Es costumbre, entre los pueblos orientales, no entrar directamente “en materia”, debe de
haber unos prolegómenos previos, como indican las buenas costumbres de la cortesía.
Se pregunta por la familia, por la salud, y por la buena marcha de la vida en general, con
las consabidas bendiciones y encomiendas a La Divinidad. Así que durante la primera
media hora, entre el zumo y el té con pastas, como allí es costumbre, este fue el eje de la
conversación, entre paréntesis de silencio contemplativo.
Pero era evidente que ambos sentían vivos deseos de “entrar en materia”, así que el
anciano llamó a una de sus nietas para darle alguna instrucción en árabe que, la
chiquilla, corrió a cumplir.
Entretanto hubo tiempo para que la religiosa, allí sentada frente al anciano Sufi, se
dejara llevar por estas reflexiones.

En una sociedad occidental la deferencia de los pueblos árabes hacia los ancianos
pudiera parecer exagerada. Pero es natural, nosotros los enviamos a los asilos -ahora
residencias de la tercera edad-, cuando no tenemos sitio para ellos en la casa, aunque el
perro o el gato sí lo tengan.
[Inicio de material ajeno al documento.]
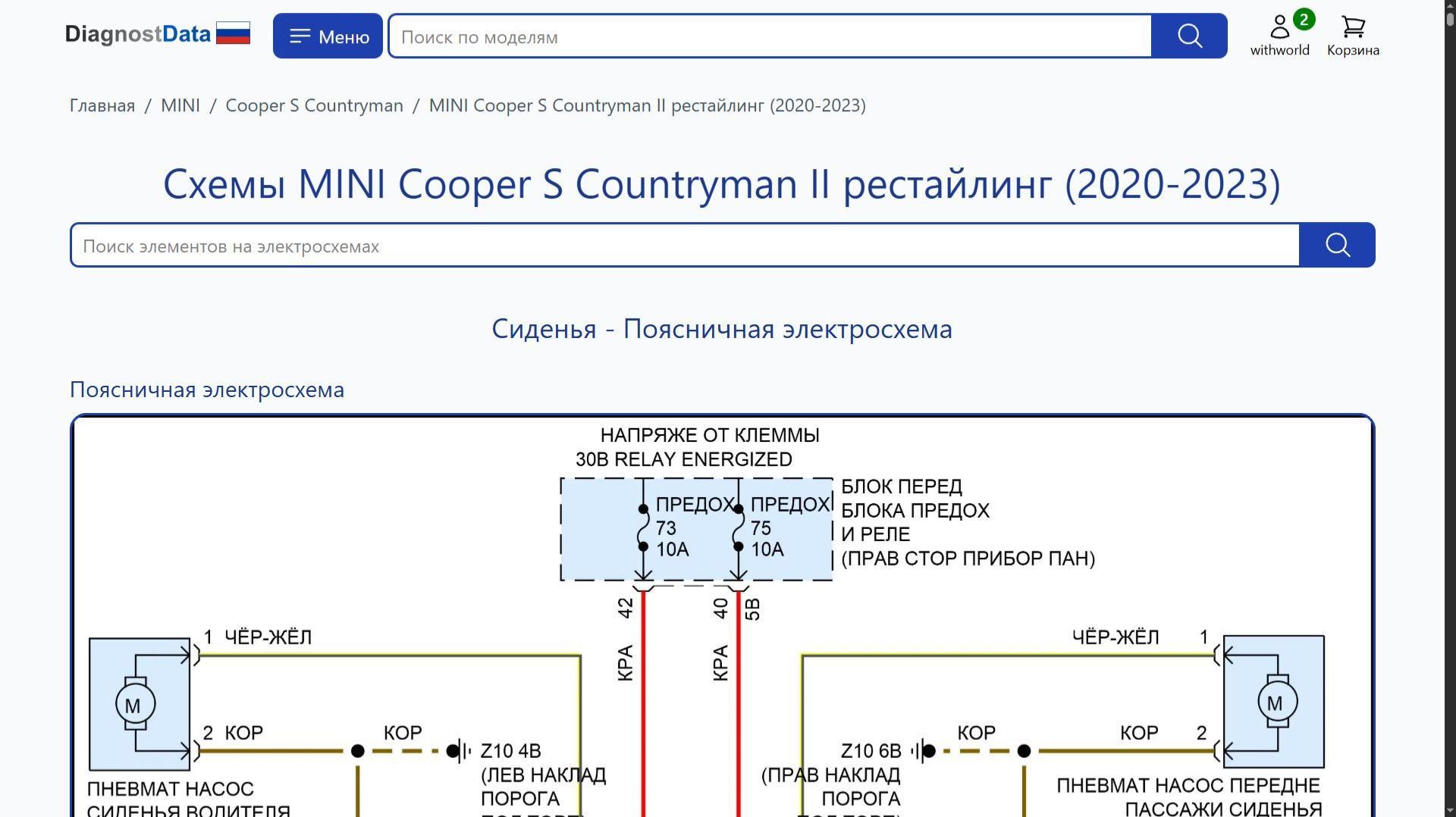 https://diagnostdata.ru/mini/cooper-s-countryman/ii-2020-2023/ Электрохемы, распиновки, схемы электропроводки MINI Cooper S Countryman II рестайлинг (2020, 2021, 2022, 2023 годов выпуска) 1.5L TURBO, 1.5L TURBO HYBRID, 2.0L TURBO Схемы на русском языке для систем: Схемы Сиденья, Схемы Сиденья, Схемы Магнитола, Схемы Дворники и омыватели, Схемы Память, Схемы Подушки безопасности, Схемы Коробка передач, Схемы Сигнализация, Схемы Складная крыша/люк, Схемы Блоки управления кузовом, Схемы Активные управление кузовом и подвеской, Схемы Антиблокировочная система abs, Схемы Освещение салона, Схемы Блокировка селектора, Схемы Can шина, Схемы Фары, Схемы Круиз-контроль, Схемы Точки подключения масс, Схемы Управление зеркалами заднего вида, Схемы Блок предохранителей и реле, Схемы Багажник, задняя дверь, лючок топливного бака, Схемы Предупреждение, Схемы Системы помощи водителю, Схемы Вентилятор охлаждения, Схемы Фары и фонари, Схемы Электронная подвеска, Схемы Приборная панель, Схемы Кондиционирование воздуха, Схемы Стартер/генератор, Схемы Центральный замок, Схемы Клаксон, Схемы Подогрев стекол, Схемы Стеклоподъемники, Схемы Электроусилитель руля, Схемы Двигатель, и др.

Nos deshacemos de ellos cuando ya no tenemos tiempo para
dedicarlo a los que nos dieron todo su tiempo, cuando después de darnos todo cuanto
han tenido, ya no nos interesa lo que tienen; la sabiduría que brota del recuerdo.
En los países árabes, por el contrario, el anciano en el seno de la familia es considerado
como una bendición del cielo, es un punto de referencia y cohesión familiar, nada nuevo
se emprende sin oír su opinión, él es el último refugio de los nietos cuando el padre o la
madre amenazan con el castigo. Es jurisconsulto, es Imán –dirigente de la plegaria-, es
consejero y guía, es la reserva espiritual y el transmisor de las tradiciones.
Allí no se conocen los asilos pues, quien tiene un anciano tiene un tesoro y, ¿quién
desechará su tesoro?.

Cuando Sor Maria miraba al anciano, y le escuchaba, tenía presente esta imagen.
Ninguna semejanza había entre la consideración occidental con el anciano, cuyas
palabras se consideran como “las tonterías” habituales de los abuelos que no se enteran
de nada, -porque no se les hace partícipes de nada-, y aquel venerable patriarca.
La religiosa no pudo evitar acordarse de aquella historia que, cuando era niña, la
contaron sobre un abuelo que acababa de morir.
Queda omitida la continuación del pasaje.